The Impacts of Accounting Information on the Cost of Capital of an Organization
Abstract
The relationship between accounting information and the cost of capital is demonstrated to be a fundamental issue in the accounting literature (Agrawal and Cooper, 2017) and has captured much more space in finance literature. Arthur Levitt, the former chairman of the United States Securities and Exchange Commission (SEC), suggested that high-quality accounting standards reduce the cost of capital as investors with high-quality information can make better investment decisions (Easton, 2004). Andre, Flip and Moldovan (2016) suggested that high-quality accounting information reduces uncertainty and that investors and firms attach much importance to such information. Accounting information available in financial reports is used to measure firms’ risk factors and estimate their expected returns (Gebhardt, Lee, & Swaminathan, 2001).

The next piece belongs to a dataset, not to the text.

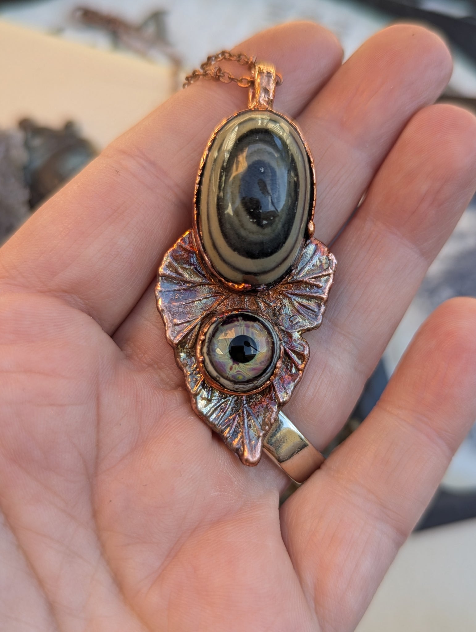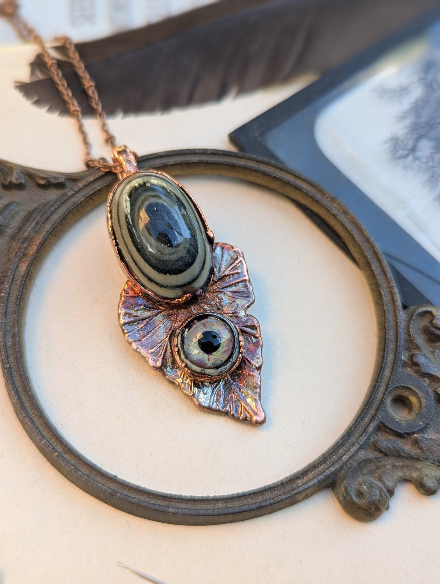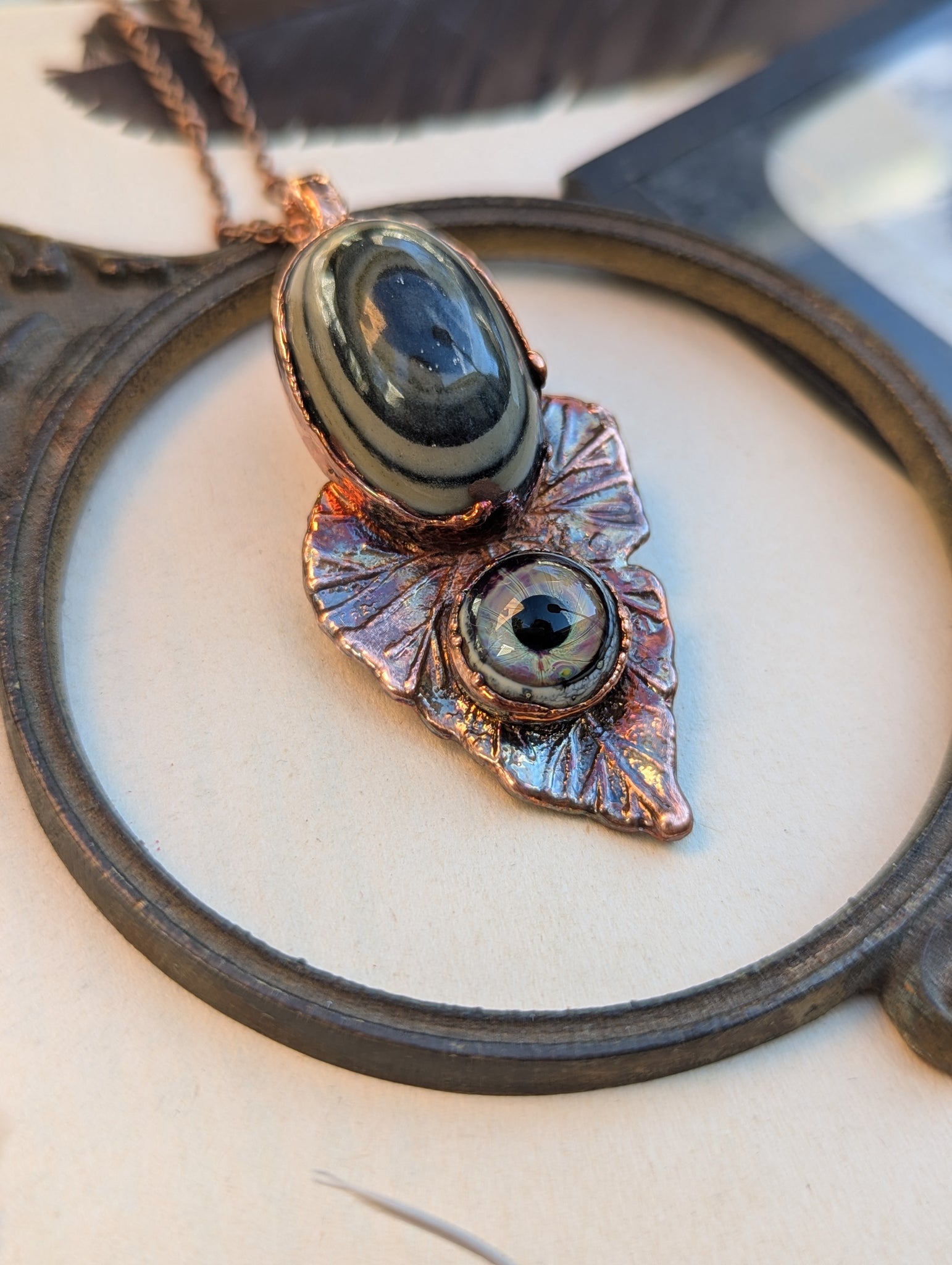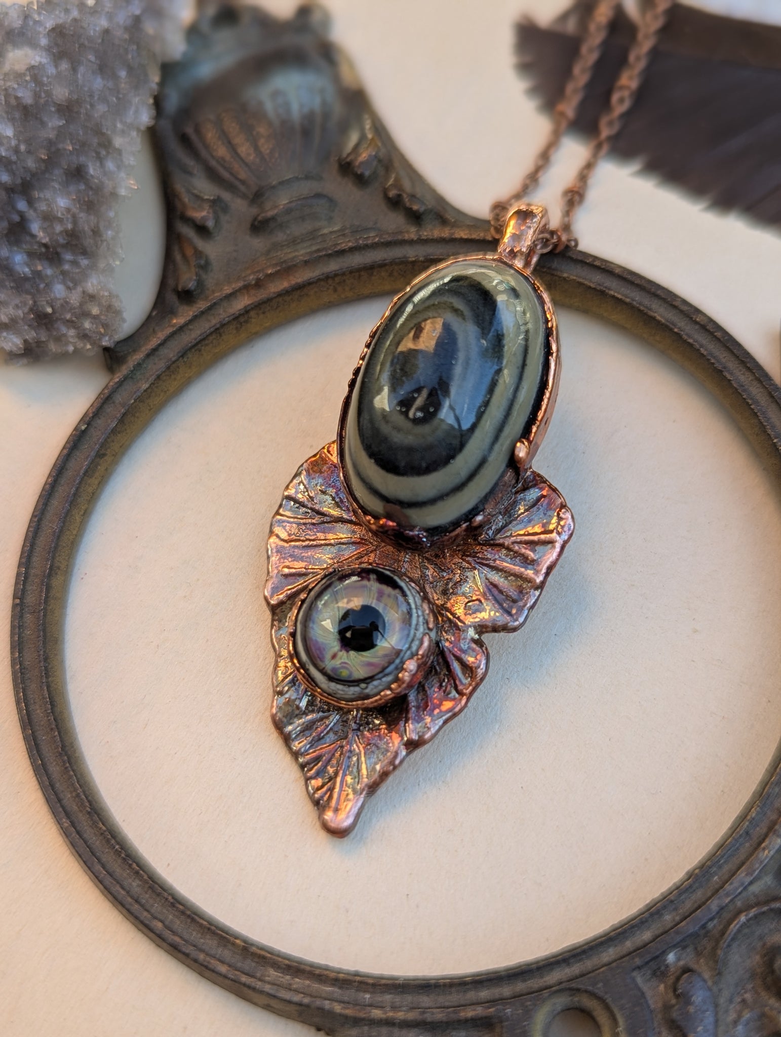 Copper electroformed hypnotic green eye opal with an artisan-made lamp work glass eye, set on a leaf charm.
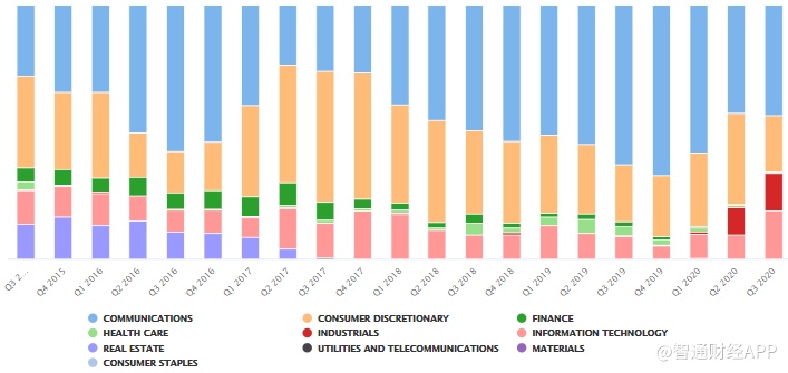 从行业来看,社交媒体相关个股依然是景林的重仓标的,占比达48.48%,上一季度为42.31%。其次是非必需消费品相关个股,占比为22.12%,上一季度占比为36.23%。另外,IT相关个股占比由上一季度的9.43%升至本季度的19.19%。工业个股占比位列第四,为14.63%,上一季度为10.71%。

By using accounting information systems, decision-makers obtain useful information and use it in decision-making and strategy-building to achieve organizational goals and objectives, which should increase the company's performance. One of the key decisions a firm has to make is the fundamental determination of its cost of capital. This has a substantial impact on both the composition of the firm's operations and its profitability since shocks to anticipated cash flows are reflected in the firm’s cost of capital. Many studies have spent tons of ink coming up with proposals leading to a lower cost of capital. Argue that it is the environment of a firm, which is described by many parameters, such as accounting standards, market microstructure, and information coming from the firm reports, that influences the accounting type of information that determines the firm’s cost of capital and, consequently, its stock price.